EVENFLOW Scalability Toolkit
Scalable AI infrastructure for high-volume data environments
What is it about?
The Scalability Toolkit is a set of four open-source components that are designed to enhance the scalability and efficiency of Machine Learning (ML) workflows. The toolkit is specifically designed for distributed and high-volume environments, and it enables streamlined training and prediction. Its four integrated components are:
Synopses-based Training Optimisation, which accelerates ML training using data summaries and Bayesian optimisation.
Synopses Data Engine as a Service (SDEaaS), which provides efficient stream processing on Apache Flink and Dask for real-time data summarisation.
Advanced Distributed-Parallel Training, which reduces training time and communication lag via data-driven synchronisation.

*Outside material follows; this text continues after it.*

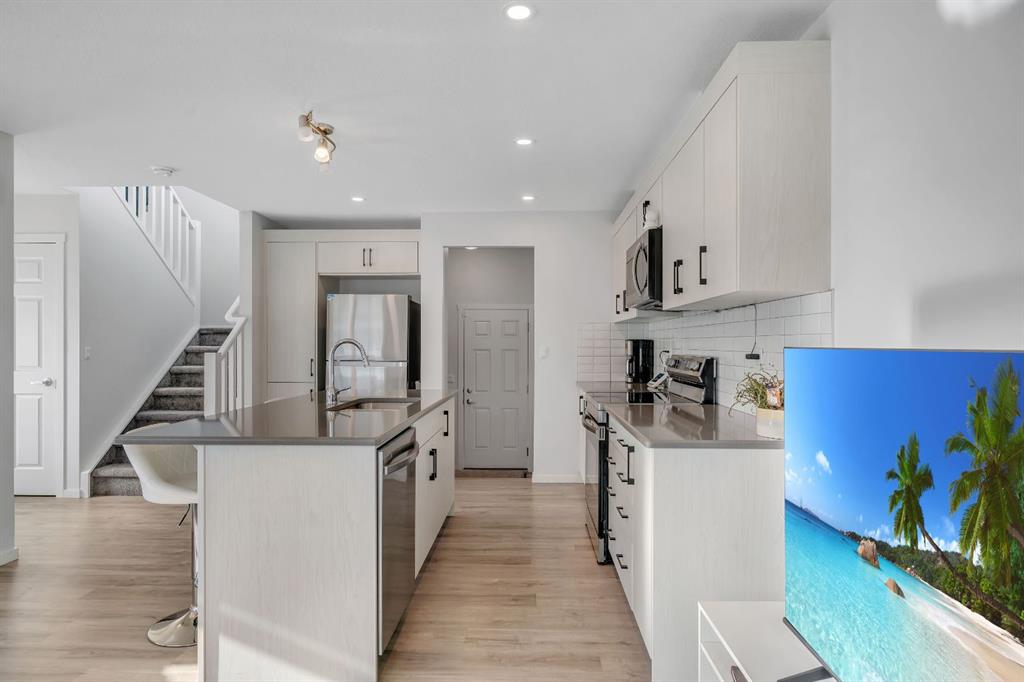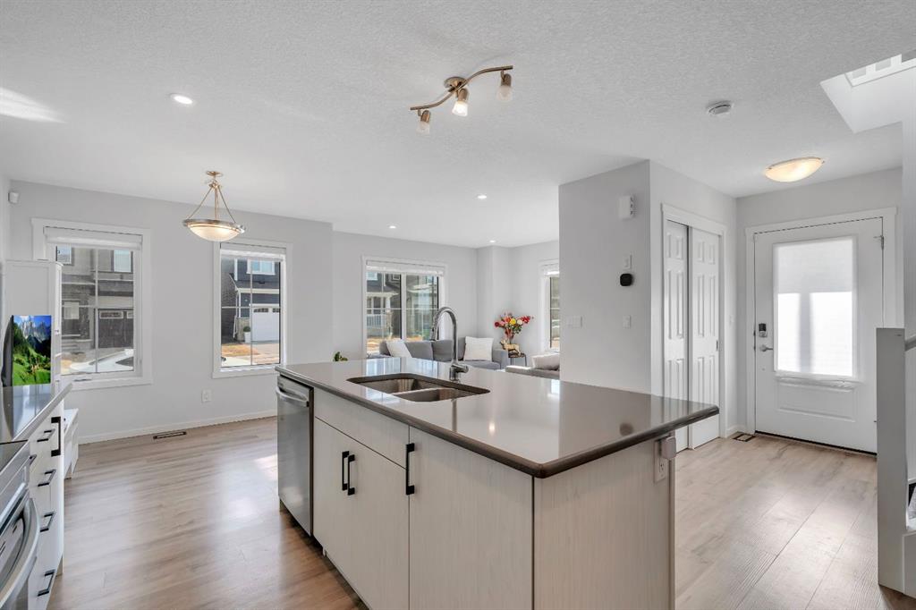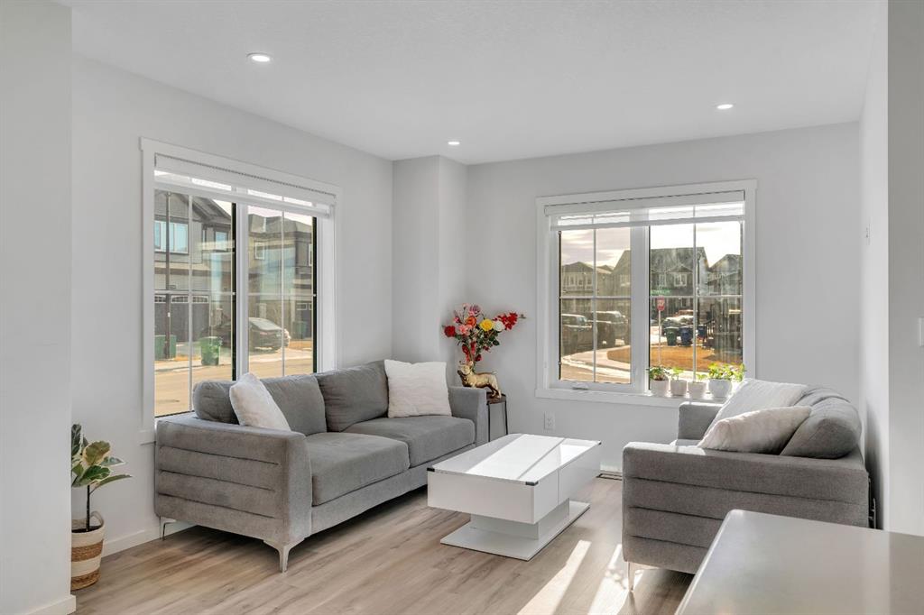 Excellent Opportunity!Prime Corner Lot Location! Welcome to this stunning NO CONDO FEE townhouse perfectly positioned in the family-friendly community of Southwinds, Airdrie offering space, upgrades, and income potential all in one smart package. PREMIUM FARMHOUSE ELEVATION | 4 BEDROOMS | 3.5 BATHROOMS | FINISHED BASEMENT (ILLEGAL SUITE) | 2000+ SQ FT TOTAL LIVABLE SPACE | FRONT DOUBLE ATTACHED GARAGE | HUGE CORNER LOT | $50K+ UPGRADES | 2025 OCCUPIED | WALKING DISTANCE TO AMENITIES. From the moment you arrive, the charming curb appeal and premium corner positioning set this home apart - providing added privacy, extra natural light, and no neighbours on the sides. Step inside to a bright, open-concept main floor designed for modern living. The upgraded chef-inspired kitchen features quartz countertops, stainless steel appliances, good sized island, sleek cabinetry, and a layout that flows seamlessly into the dining area and inviting living room - perfect for entertaining or everyday comfort. A convenient powder room, mudroom, and attached double garage enhance functionality. Upstairs, upgraded railings lead to a serene primary retreat complete with a private deck, spacious walk-in closet, and 4-piece ensuite. Two additional generous bedrooms, a full bathroom, and an upper laundry room with upgraded washer and dryer complete the level. The fully finished basement adds incredible flexibility with a 1-bedroom illegal suite setup featuring a wet bar (fridge, hot plate, microwave, and hood fan) and full bathroom. The shared main entrance leads directly to basement stairs near the front, creating natural separation and added privacy. Loaded with approximately $50,000 in upgrades including quartz counters, LVP flooring, upgraded carpet, wooden stair spindles, knockdown ceilings, and a finished basement - this home blends style, practicality, and smart value.Outside, enjoy the landscaped front yard and large porch while being steps from parks, pathways, pond views, schools, shopping, dining, and everyday conveniences. Quick access to Calgary via 40th Avenue adds even more location appeal. Location + Layout + Income Potential = Rare Find. Book your showing today - opportunities like this don’t last.

SuBiTO, which integrates all components into one solution for production-grade ML pipelines.
Who is it for?
Data Scientists and ML Engineers who handle large datasets (or even continuous data streams)
Enterprises that deploy AI models, at scale, in production environments
Research labs who work on AI model efficiency and scalability
DevOps teams who want to reduce infrastructure load during AI training
Why use it?
Reduces training times without sacrificing model accuracy
Improves resource efficiency and CPU usage
Compatible with widely used platforms (Apache Flink, Kafka)
The modular design enables using one or all components, depending on the users’ need
Each component is accompanied by:
Implementation documentation
APIs and use examples
Instructions for integrating with real-time data systems